Solve the covariance matrix of the stocks ($cov(diag[\sigma] B)$):
$$\mu^{(k)} = \bar X^{(k)}-\sigma^{(k)}$$

In [82]:
dt = 1/252
covMat = np.cov(M.values.T)/dt

mu = M.mean()/dt
print(mu)

SPY                   0.096
GOOG                  0.052
AAPL                  0.124
AMZN                  0.155
dtype: float64


Vector $\sigma$ is the standard deviation of each stock:

$$\sigma = diag[cov(diag[\sigma] B)]^{\frac{1}{2}}$$

In [32]:
sigma = np.diag(covMat)**(0.5)
print(sigma)

[0.124 0.190 0.221 0.271]


### (b) -(c) Compute $\rho$, $R$ and $\Sigma$

Perform Cholesky decomposition on $Cov(diag[\sigma] B)$:

In [10]:
Sigma = np.linalg.cholesky(covMat)
print(Sigma)

[[0.124 0.000 0.000 0.000]
 [0.119 0.149 0.000 0.000]
 [0.126 0.027 0.180 0.000]
 [0.133 0.104 0.012 0.212]]


Recover standard deviation of log returns of stocks $\sigma_k$ from formula:

$$\sigma^2_k = \sum_{j}^{min\{k,j\}} \sigma^2_{k,j}$$

In [14]:
sigma = np.sum(Sigma**2,axis = 1)**(0.5)
print(sigma)

[0.124 0.190 0.221 0.271]


It should be consistent with the $\sigma$ we computed in the last part.
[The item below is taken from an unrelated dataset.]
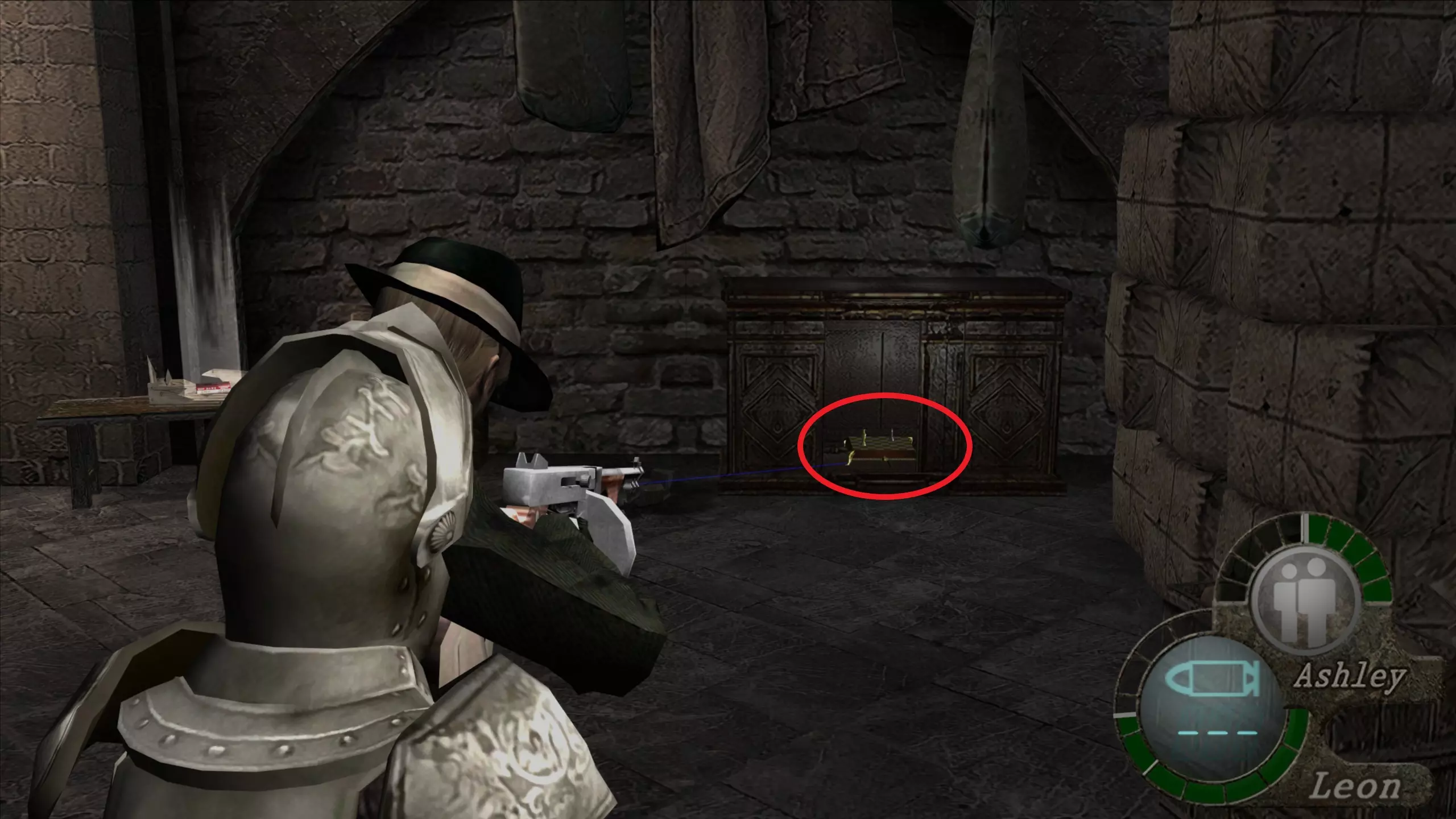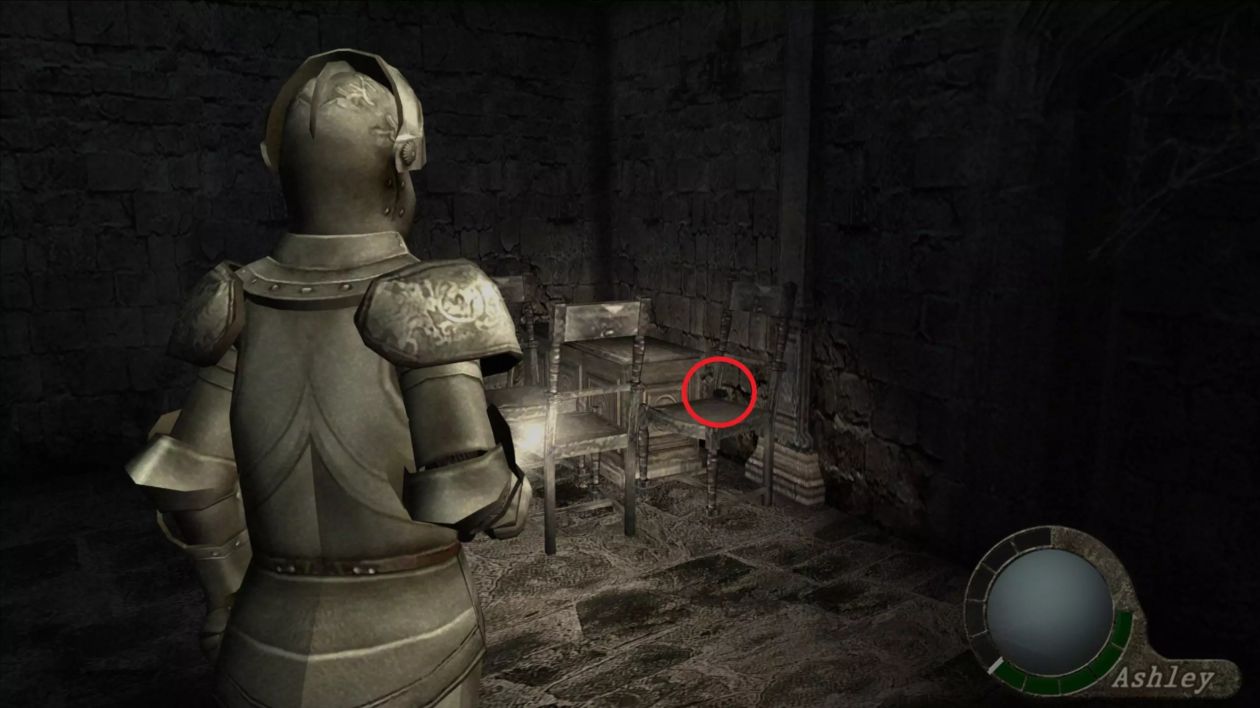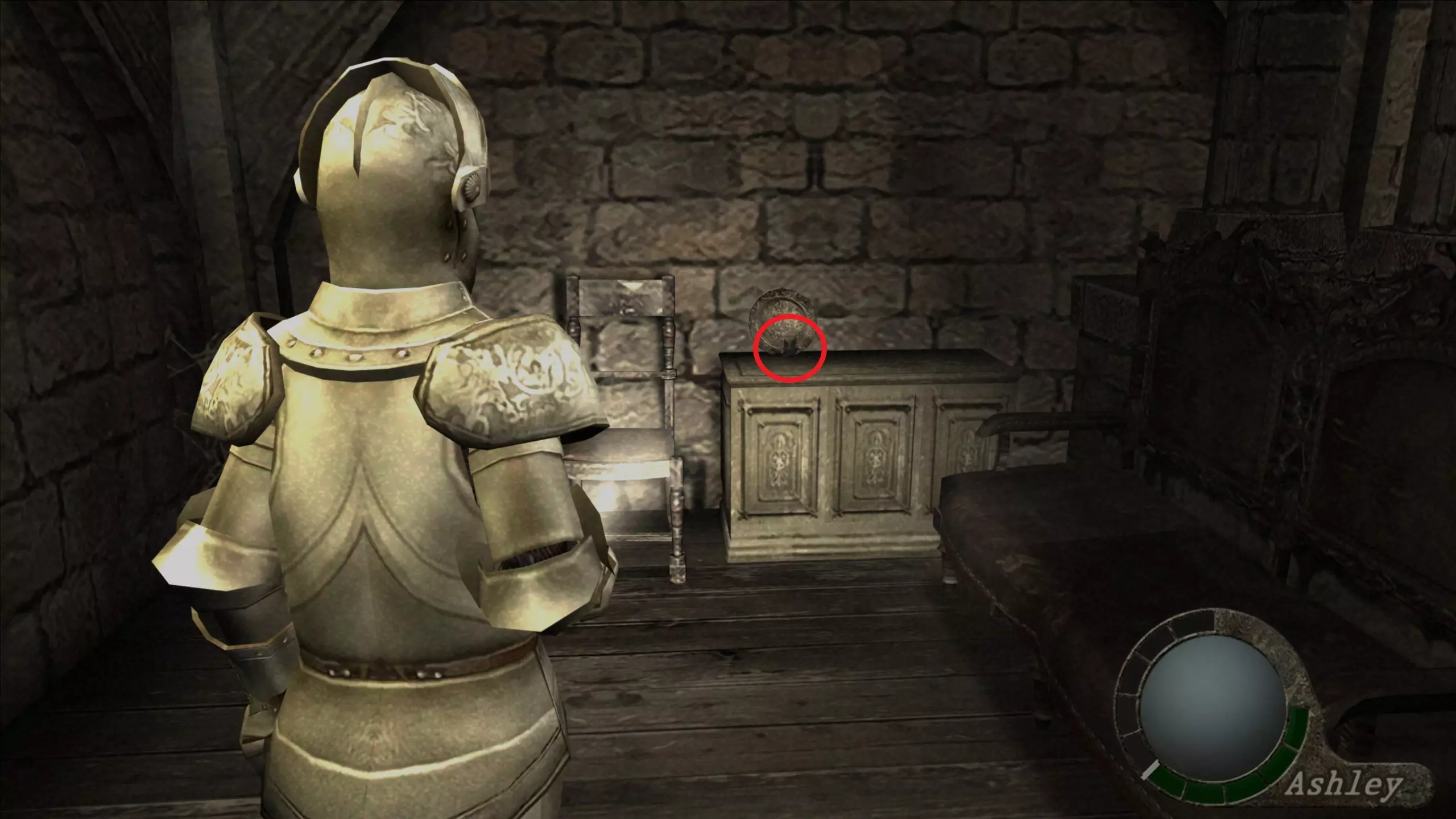 【绿宝石(3)】 在看到阿什莉被囚禁的过场动画后,我们需要继续前进,会看到一些储物柜,绿宝石就在我们能打开的第三个储物柜里。

Recover the corrlation matrx $\rho$:

In [35]:
ss = np.outer(sigma,sigma)

corrMat = covMat/ss
print(corrMat)

[[1.000 0.624 0.570 0.490]
 [0.624 1.000 0.453 0.606]
 [0.570 0.453 1.000 0.363]
 [0.490 0.606 0.363 1.000]]


Recover matrix $\Sigma_R$:

$$\Sigma_R = diag[\sigma]^{-1} \Sigma$$

In [37]:
R = np.dot(np.diag(sigma**(-1)),Sigma)
print(R)

[[1.000 0.000 0.000 0.000]
 [0.624 0.781 0.000 0.000]
 [0.570 0.124 0.812 0.000]
 [0.490 0.384 0.044 0.781]]


## (d) Measure of diversity $d$:

$$ d = det(R)^{1/n}$$

In [51]:
d = np.linalg.det(R)**(1/n)
print(d)

0.839125928067


To answer which 2 stocks out of the 3 are the most diversified combination, we can maximize the determinant of the remaining R after removing 1 stocks.

In [80]:
print('If we remove stock 1, d = %.5f\nIf we remove stock 2, d = %.5f \nIf we remove stock 3, d = %.5f' % (np.product(R[[0,2,3],[0,2,3]]),
    np.product(R[[0,1,3],[0,1,3]]),
    np.product(R[[0,1,2],[0,1,2]])))

If we remove stock 1, d = 0.63443
If we remove stock 2, d = 0.61063 
If we remove stock 3, d = 0.63454


In [81]:
universe

['SPY', 'GOOG', 'AAPL', 'AMZN']

In concludsion, the second stock (GOOGLE) and the third (APPLE) are the best.